Bevor wir den Camino Aragones in Angriff nahmen, hatte ich versucht meine Spanischkenntnisse ein wenig aufzufrischen. Aber ehrlich gesagt, sie blieben ziemlich rudimentär. Also nahmen wir einen kleinen Sprachführer mit, der uns die nötigen Hilfestellungen geben sollte. Als ich am ersten Abend den Führer ganz willkürlich an einer Stelle aufschlug, sprang mir ein Wort ins Auge „Animo“ übersetzt mit „Nur Mut“. Überraschend, dass ein solches Wort in einem allgemeinen Sprachführer erwähnt wird. Doch es passte so gut zu unserer Wanderung, dass „Animo“ zum Leitspruch unseres Caminos wurde.

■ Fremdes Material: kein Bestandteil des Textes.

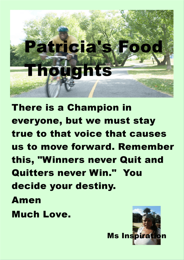I know people say this all the time “Winners never Quit, and Quitter never win”. We all want to be on the winning side, but can we make it our destiny? I think we all have a desire to win, just don’t set yourself up fail by quitting.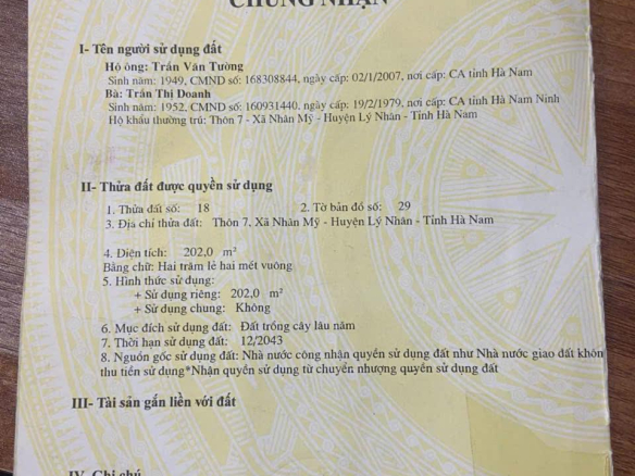 ĐẤT ĐẸP – GIÁ TỐT – Cần Bán Nhanh Lô Đất Vị Trí Đắc Địa Tại Xã Nhân Mỹ, Lý Nhân, Hà Nam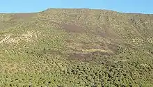 Outcrops of the Carmel Formation are most notably exposed on Horse Ranch Mountain[16] (photo) in the Kolob Canyons section of the park and near Mt. Carmel Junction east of the park.[3] Other formations totaling 2,800 feet (850 m) thick may have been deposited in the region during Late Jurassic and Early Cretaceous only to be uplifted and entirely removed by erosion.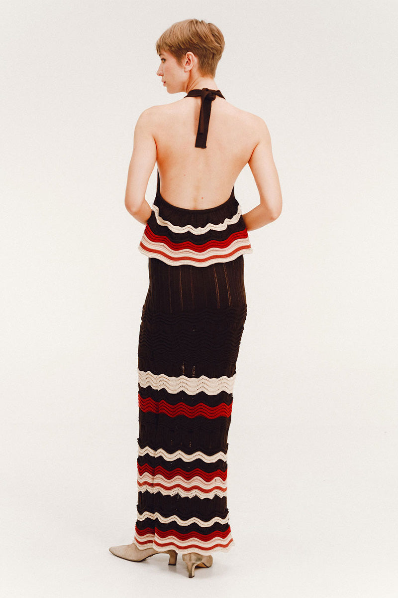 - Two- piece set: halter top and long skirt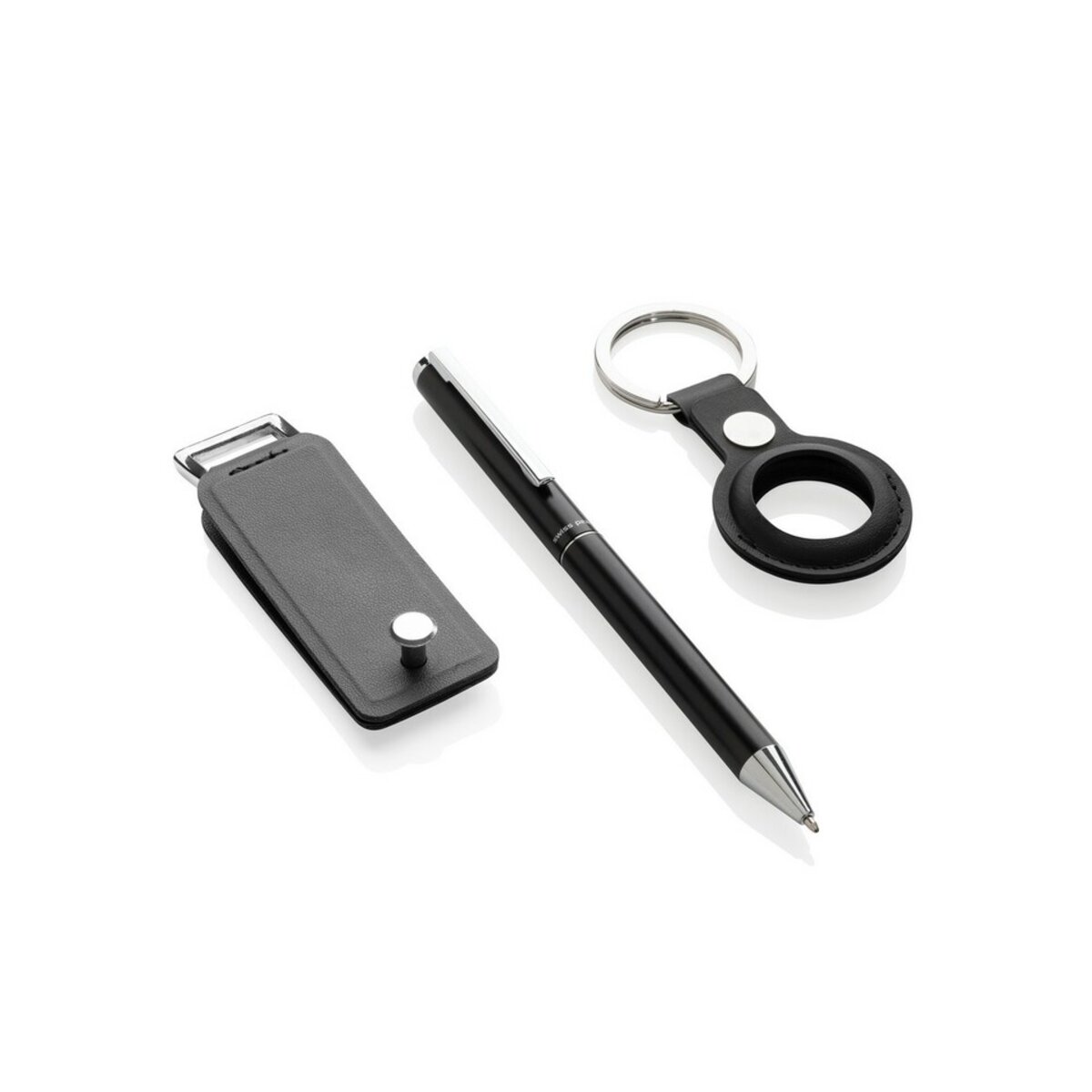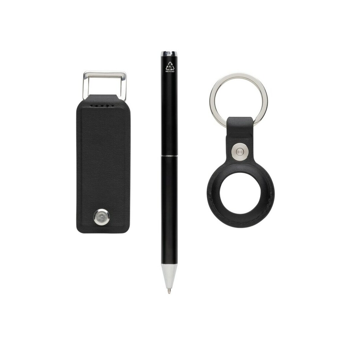 Ten perfekcyjny zestaw upominkowy jest zbudowany z materiałów przyjaznych dla środowiska. Brelok, organizer i długopis wykonano z PU oraz aluminium z recyklingu, co potwierdza certyfikat RCS. Troska o detale i wykończenie w kolorze czarnym dodaje produktom elegancji i uniwersalności.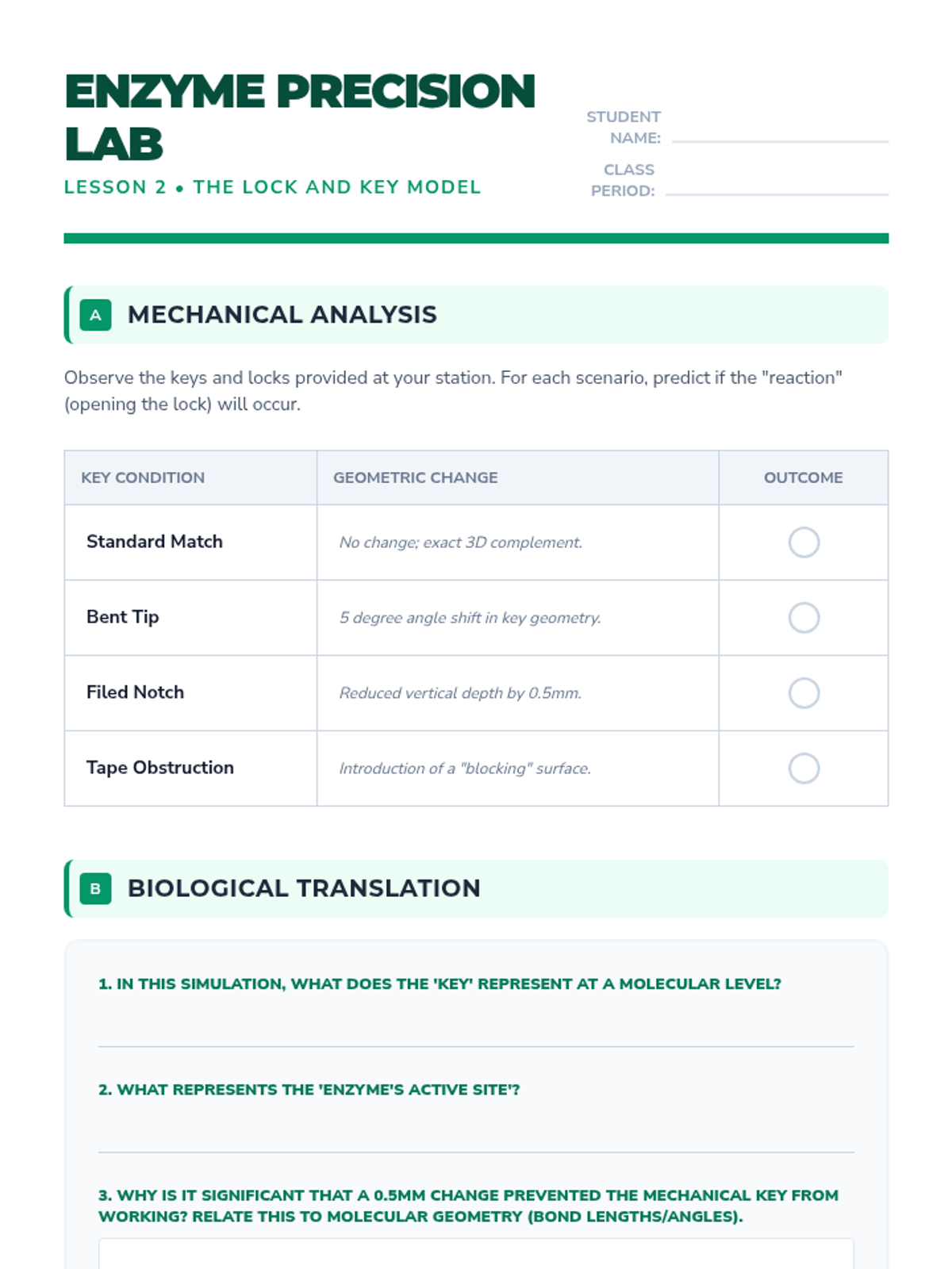A 5-lesson unit exploring the critical role of three-dimensional molecular geometry in biological systems, smell, enzymes, medicine, and protein folding. Students investigate how shape dictates function through case studies, simulations, and a design challenge.
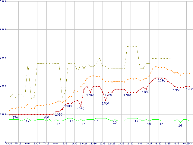 PC2-6400 1GBの価格推移↑前グラフ↓次グラフ(2009年4月18日〜2010年7月3日)※このグラフは過去のデータも税率5%相当に調整した税込み相当額のグラフです。 税率変更や、総額表示方式導入(2004年4月)の影響は除いています。●関連グラフメモリ主要製品の最安値推移1GBモジュールの最安値推移メモリ主要製品(最安値5千円未満)の最安値推移PC2-6400(DDR2-800) DDR2 SDRAM DIMMの最安値推移●凡例最安値(点線部は販売店未確認または未調査)平均値最高値ショップ数
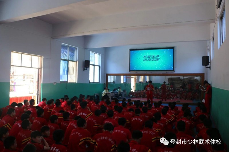 5月31日是全国控烟宣传日。为了营造宣传氛围,提高全校师生的知晓率,今天,登封市少林武术体校不仅在校园醒目处张贴了各种禁烟标志及图片,而且上午10:00在演武厅开展了一堂以“珍爱生命,远离烟害”为主题的禁烟教育活动课,给孩子们送上了一份特殊的礼物。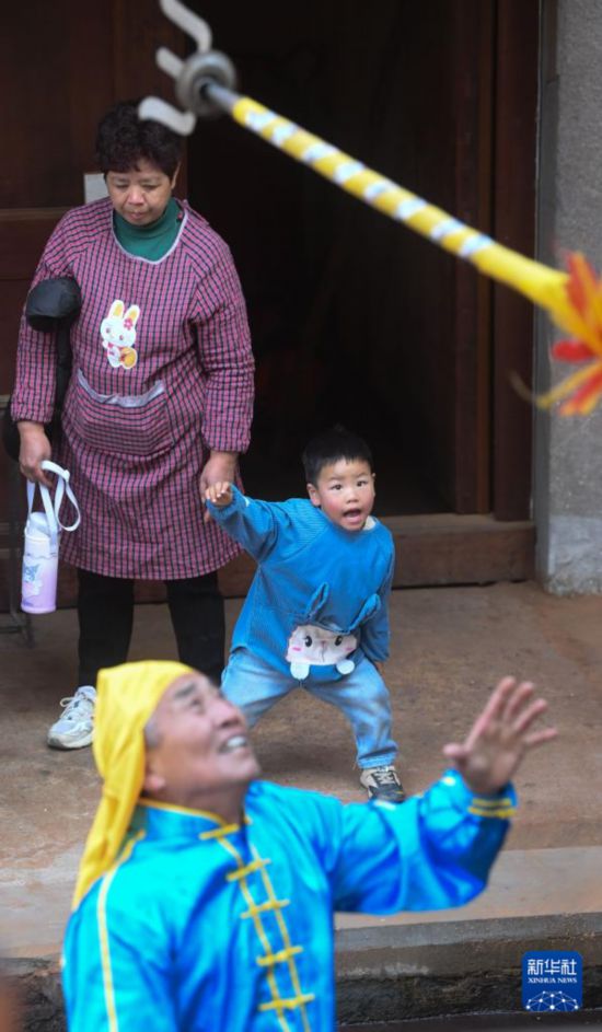 2月4日,在安华镇丰江周村的宗祠,小朋友在观看响叉排练。

Bedingt durch unser Alter, die doch schwierigen persönlichen Veränderungen in unserem Leben, die im Gegensatz zu den anderen Caminos geringe körperliche Vorbereitung wurde auf dem Camino Aragones manchmal einiges an Konzentration, Anstrengung und auch Mut von uns abverlangt.
In den Pyrenäen war der Weg aufgrund des vielen Starkregens in den Tagen und Wochen zuvor zum Teil recht ausgewaschen, so dass schmale Wege, viele glitschige Steine und große Tritte nach unten schon eine rechte Herausforderung waren.

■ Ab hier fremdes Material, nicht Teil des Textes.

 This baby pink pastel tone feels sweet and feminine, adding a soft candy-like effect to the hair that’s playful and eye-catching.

Auch der Abstieg vom Kloster St Jean de la Pena war nicht ohne! Da in den Foren schon auf die Schwierigkeit hingewiesen wurde, hatten wir zunächst vor, die Straße zu benutzen. Dies wäre aber ein großer Umweg gewesen also dachten wir: „Nur Mut“. So sind wir den kleinen Fußweg abwärts gegangen, der wirklich sehr steinig, schmal und an einigen Stellen vorsorglich mit Seilen gesichert war. Dank unserer Bergerfahrung war es nicht einfach aber doch gut zu meistern.

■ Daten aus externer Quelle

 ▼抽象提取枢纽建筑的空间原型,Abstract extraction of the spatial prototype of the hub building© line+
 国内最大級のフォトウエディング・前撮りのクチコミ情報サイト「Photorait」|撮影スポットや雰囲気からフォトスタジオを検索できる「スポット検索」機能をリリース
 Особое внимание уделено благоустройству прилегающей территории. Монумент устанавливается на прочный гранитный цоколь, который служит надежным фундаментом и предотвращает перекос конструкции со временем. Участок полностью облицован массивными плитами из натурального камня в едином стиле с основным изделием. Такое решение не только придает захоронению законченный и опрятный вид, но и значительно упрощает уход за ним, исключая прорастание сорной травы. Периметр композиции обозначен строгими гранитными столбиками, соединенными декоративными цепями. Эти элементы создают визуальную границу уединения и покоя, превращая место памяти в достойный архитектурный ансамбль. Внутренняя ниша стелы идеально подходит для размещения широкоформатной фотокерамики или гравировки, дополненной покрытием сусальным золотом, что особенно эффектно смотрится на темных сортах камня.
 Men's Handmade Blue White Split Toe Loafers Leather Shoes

Und manchmal ist es auch die eigene Überschätzung, die einen nötigten mit animo weiterzugehen, um die letzten Kilometer bis zur Herberge zurückzulegen. Waren wir, was die Distanzen zwischen unseren Etappen betraf, am Anfang noch recht vorsichtig, trauten wir uns von Tag zu Tage mehr zu, zumal auch der Rucksack plötzlich viel leichter wurde, obwohl sich am Inhalt nichts geändert hatte! So dehnten wir die Länge unserer Etappen zwar aus, ohne allerdings genau das Höhenprofil anzuschauen. Kilometer ist halt leider nicht im gleich Kilometer, was die Anstrengungen und Herausforderungen betrifft!
Gerade diese Herausforderungen sind es, die den Weg ausmachen und ein fröhliches „Animo“, das wir uns dann zuriefen, ließ uns jede Anstrengung gut meistern.
Hier vielleicht noch eine Anmerkung: wenn ich manchmal die Fragen in den Foren lese und die Ängste und Unsicherheiten anschaue, die Menschen bei der Planung eines Camino bewegen, dann denke ich oft, „Nur Mut!“, ihr schafft das schon, aber ihr könnt nicht alles absichern und vorausplanen. Pilgern heißt doch auch das Vertraute zu verlassen und Veränderung zuzulassen. Jeder Weg hat seine Unwägsamkeiten – und das ist gut so, denn das macht den Weg aus. Es ist einfach Hunderten von Leuten hinterherzulaufen, aber es verlangt Mut, seinen eigenen Weg zu gehen und spontan mit Schwierigkeiten klar zu kommen. Je mehr einem das gelingt, um so stärker kommt man von diesem Weg zurück, umso mehr Zutrauen hat zu sich und dem Leben!
Ich habe in einem Buch folgenden Spruch gelesen, der mir aus dem Herzen spricht:
Angst lebt im Kopf, Mut im Herzen.
Es kommt nur darauf an, von einem zum anderen zu kommen!